I used to work in sales at a lumber yard, where we sold all kinds of (mostly residential) building materials from lumber, to paint, to plumbing, electrical supplies, hardware, doors/windows, roofing, power tools, etc. I grew up working with quite a few of these things, as my Dad was a residential framer. Nonetheless, there were various things I knew very little about, having never used them.
Given a few years, however, listening to the advice given by co-workers, and listening to problems encountered (and solved) by customers, I ‘learned’ how to answer common questions. I had never put in a p-drain myself, but I learned how to answer most questions a customer would ask! Even more humorous, I had a co-worker who had almost no hand-on experience with anything we sold – yet nonetheless, she too learned to answer the common questions (often word-for-word what her co-workers had said the day before!).
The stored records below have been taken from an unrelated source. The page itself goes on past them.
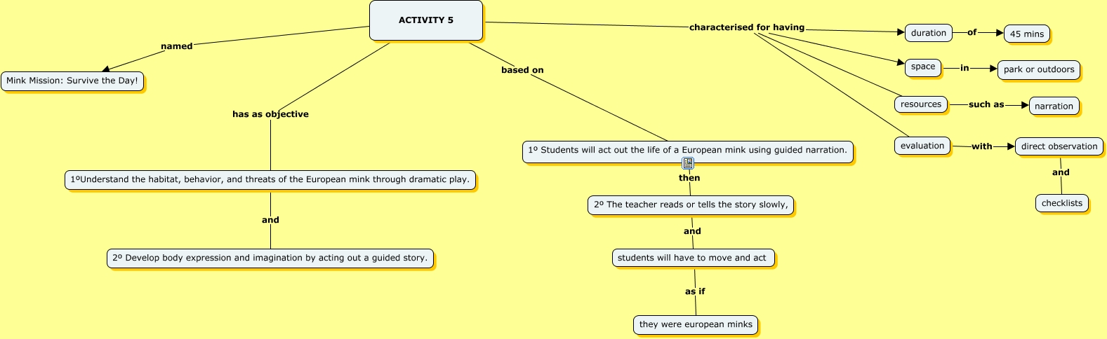 Este Cmap, tiene información relacionada con: Activity 5, ACTIVITY 5 has as objective 1ºUnderstand the habitat, behavior, and threats of the European mink through dramatic play., space in park or outdoors, direct observation and checklists, ACTIVITY 5 named Mink Mission: Survive the Day!, students will have to move and act as if they were european minks, ACTIVITY 5 characterised for having duration, ACTIVITY 5 based on 1º Students will act out the life of a European mink using guided narration., duration of 45 mins, resources such as narration, ACTIVITY 5 characterised for having evaluation, evaluation with direct observation, ACTIVITY 5 characterised for having space, ACTIVITY 5 characterised for having resources, 2º The teacher reads or tells the story slowly, and students will have to move and act, 1º Students will act out the life of a European mink using guided narration. then 2º The teacher reads or tells the story slowly,, 1ºUnderstand the habitat, behavior, and threats of the European mink through dramatic play. and 2º Develop body expression and imagination by acting out a guided story.
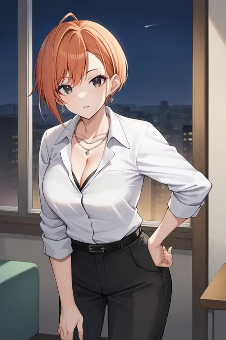 natsuhaarisugawa, 1girl, solo, orange hair, short hair, ahoge, swept bangs, black eyes, large breasts, cleavage, white shirt, collared shirt, long sleeves, black shirt, strapless, strapless shirt, black pants, black belt, necklace, earrings
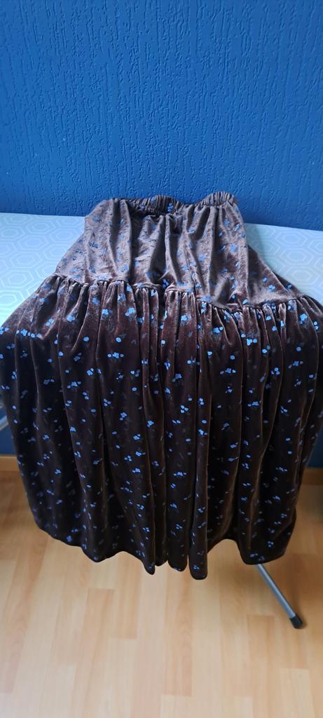 Koreanische Mode Herbst Winter Damen Samtrock Hohe Taille Blumendruck Schwarz Braun Midirock Vintage Elegant Feminin Rüschenrock
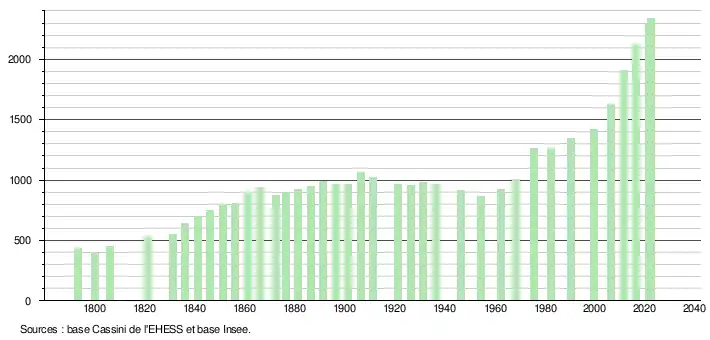 L'évolution du nombre d'habitants est connue à travers les recensements de la population effectués dans la commune depuis 1793. Pour les communes de moins de 10 000 habitants, une enquête de recensement portant sur toute la population est réalisée tous les cinq ans, les populations de référence des années intermédiaires étant quant à elles estimées par interpolation ou extrapolation[23]. Pour la commune, le premier recensement exhaustif entrant dans le cadre du nouveau dispositif a été réalisé en 2006[24].

I think this kind of learning is fine for what it is, but in various discussions I have, I often feel that others are (and I’m guilty of) operating with ‘knowledge’ they’ve gained from eavesdropping in this or that conversation or forum. “Ohh, Aristotle was such and such…”, and “yeah, science has shown that…” or “Democracy was designed so that…”
This is the Wikipedia/Google-based knowledge that informs so many pool-of-ignorance building conversations. People that know just a weeee little bit about a whole lot of things, pretending to be experts at it all. “I remember seeing somewhere that…”
We… (cough) I… need to learn to just say, “I have no idea about that, to be honest. Let’s both read up on it and get back to one another in [not 2 minutes, but…] a few weeks.” Now that would just require far too much patience.